▶ [TASK DETAILS]:
The records below hold a stretch from the line with "The Radford Public" through the line with "为进一步推进经济与管理学院2"; return exactly those lines, ends included, and nothing more.

▶ [RECORDS SHOWN]:

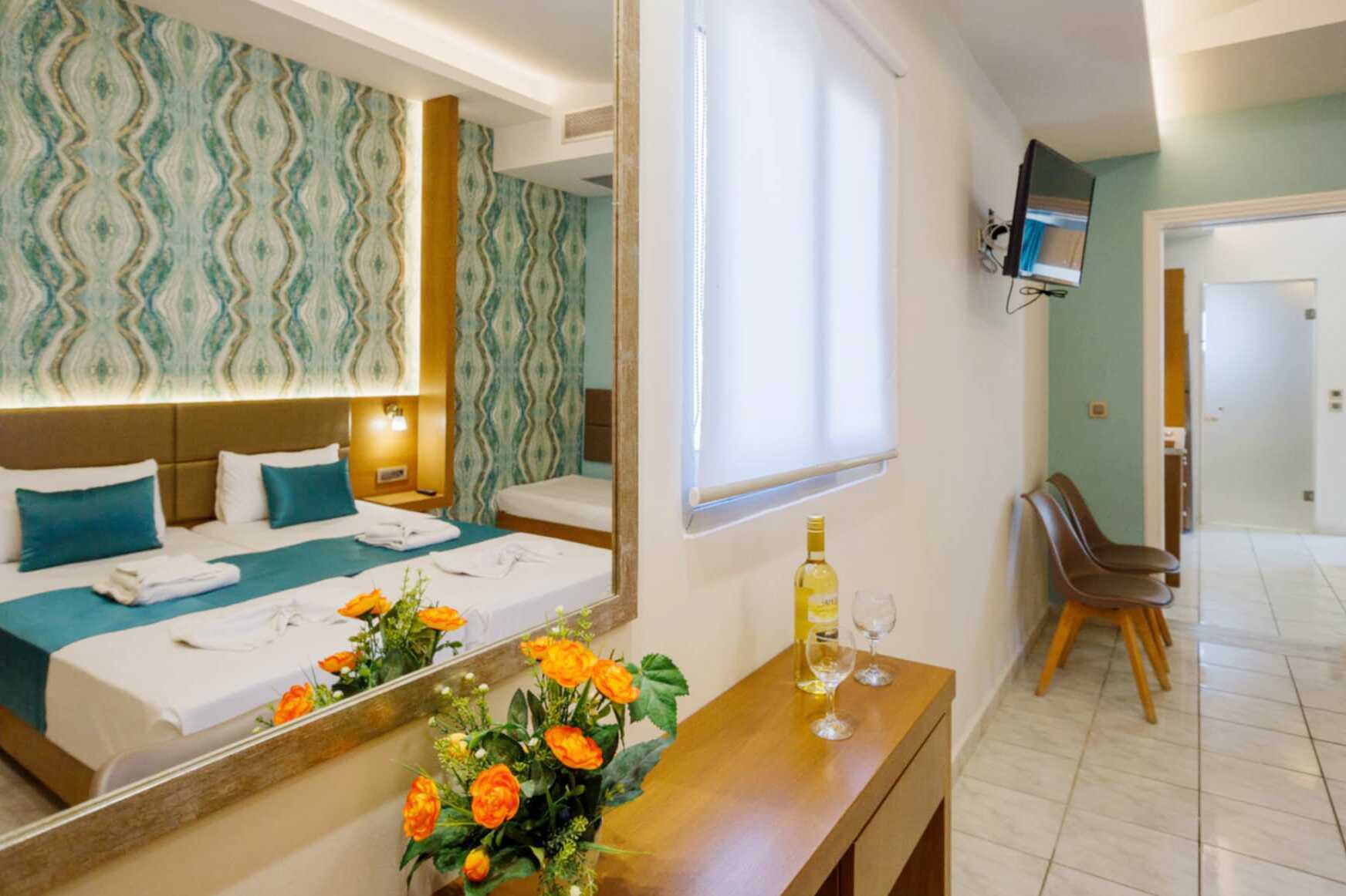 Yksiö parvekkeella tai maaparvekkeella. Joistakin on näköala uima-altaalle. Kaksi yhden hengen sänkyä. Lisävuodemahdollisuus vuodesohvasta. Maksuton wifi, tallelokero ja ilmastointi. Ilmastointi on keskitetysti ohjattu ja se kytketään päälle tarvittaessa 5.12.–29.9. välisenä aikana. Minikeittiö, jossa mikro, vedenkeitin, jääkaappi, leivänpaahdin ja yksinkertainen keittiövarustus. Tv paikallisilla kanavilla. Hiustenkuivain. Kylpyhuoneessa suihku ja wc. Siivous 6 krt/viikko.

* * *

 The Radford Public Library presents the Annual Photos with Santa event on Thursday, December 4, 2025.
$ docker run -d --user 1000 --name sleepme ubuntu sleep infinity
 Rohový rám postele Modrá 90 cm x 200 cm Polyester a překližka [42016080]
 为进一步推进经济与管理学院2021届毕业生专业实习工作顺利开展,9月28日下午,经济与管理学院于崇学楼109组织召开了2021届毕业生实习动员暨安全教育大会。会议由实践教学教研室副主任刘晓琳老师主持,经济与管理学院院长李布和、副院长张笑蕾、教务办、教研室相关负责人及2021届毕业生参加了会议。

▶ [EXERCISE ANSWER]:
 The Radford Public Library presents the Annual Photos with Santa event on Thursday, December 4, 2025.
$ docker run -d --user 1000 --name sleepme ubuntu sleep infinity
 Rohový rám postele Modrá 90 cm x 200 cm Polyester a překližka [42016080]
 为进一步推进经济与管理学院2021届毕业生专业实习工作顺利开展,9月28日下午,经济与管理学院于崇学楼109组织召开了2021届毕业生实习动员暨安全教育大会。会议由实践教学教研室副主任刘晓琳老师主持,经济与管理学院院长李布和、副院长张笑蕾、教务办、教研室相关负责人及2021届毕业生参加了会议。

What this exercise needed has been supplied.